(Recorded data)

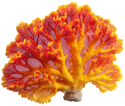 Detailed macro shot of a colorful sea coral polyp isolated on transparent background
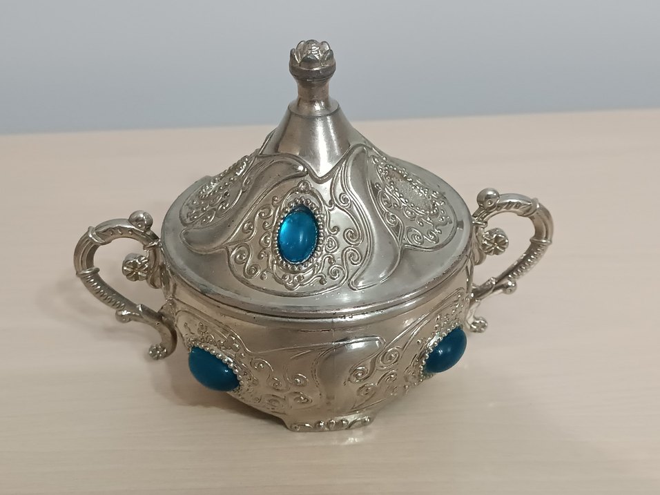 taşları eksik, kusurlu..parlak gümüş detaylara sahip, canlı turkuaz taşlarla süslenmiş klasik tasarımlı çaydanlık.
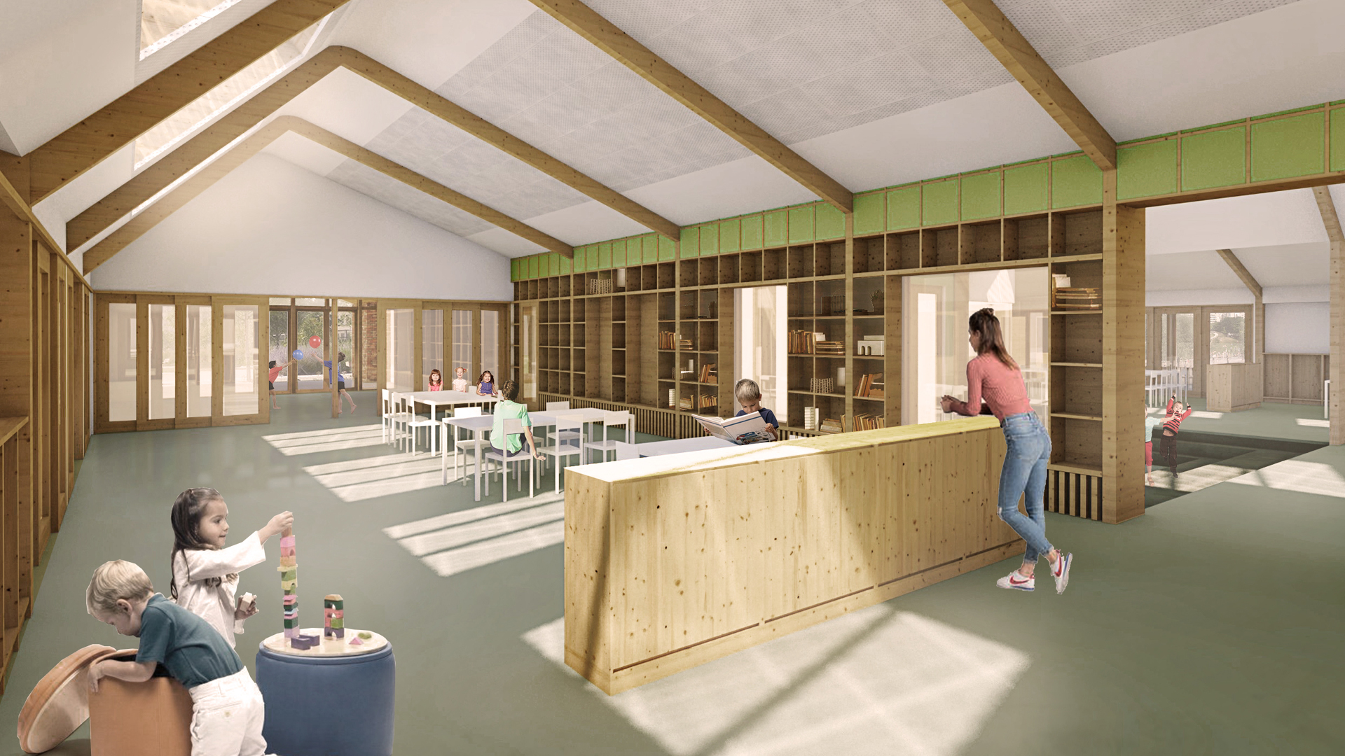 Het ontwerp van de school is gemaakt door architectenbureau KAW uit Groningen. Het nieuwe gebouw kenmerkt zich door vijf herkenbare delen die uit elkaar zijn geschoven. Hierdoor ontstaat er een speels gebouw dat goed in de omgeving en in het dorp past. Door materialen als baksteen, hout en aluminium te gebruiken, past het in het landschap. Het gebouw heeft zonnepanelen en voldoet aan de eisen voor Bijna Energie Neutrale Gebouwen (BENG). In een grote open ruimte in de school kunnen kinderen samen leren en spelen. De lokalen aan de buitenkant geven een eigen rustiger plek. De school staat op dezelfde plek als het huidige gebouw.
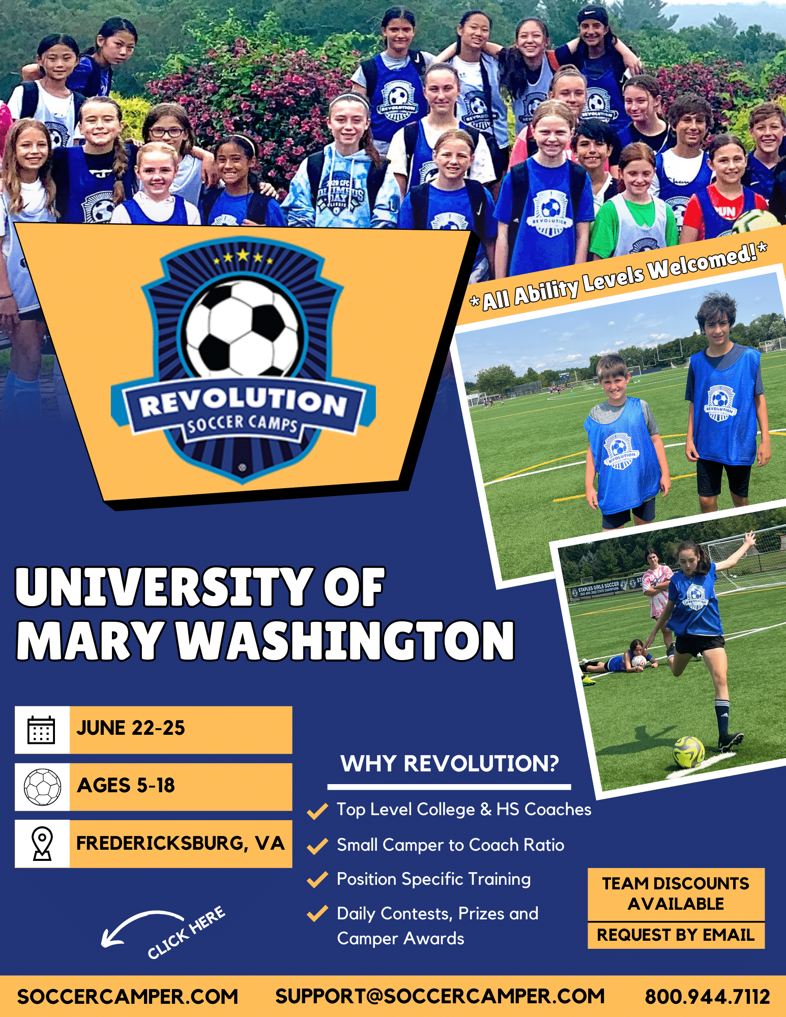 Revolution Soccer Camp is open to kids & teens ages 5 to 18. Campers will be grouped based on age and ability levels. Portions of the camp will be co-ed.

(End Recorded data)

Requirement → Output the span from the line with "taşları eksik, kusurlu..parlak" through the last line of the data, inclusive and exact, and omit every picture.

Answer below →
 taşları eksik, kusurlu..parlak gümüş detaylara sahip, canlı turkuaz taşlarla süslenmiş klasik tasarımlı çaydanlık.
 Het ontwerp van de school is gemaakt door architectenbureau KAW uit Groningen. Het nieuwe gebouw kenmerkt zich door vijf herkenbare delen die uit elkaar zijn geschoven. Hierdoor ontstaat er een speels gebouw dat goed in de omgeving en in het dorp past. Door materialen als baksteen, hout en aluminium te gebruiken, past het in het landschap. Het gebouw heeft zonnepanelen en voldoet aan de eisen voor Bijna Energie Neutrale Gebouwen (BENG). In een grote open ruimte in de school kunnen kinderen samen leren en spelen. De lokalen aan de buitenkant geven een eigen rustiger plek. De school staat op dezelfde plek als het huidige gebouw.
 Revolution Soccer Camp is open to kids & teens ages 5 to 18. Campers will be grouped based on age and ability levels. Portions of the camp will be co-ed.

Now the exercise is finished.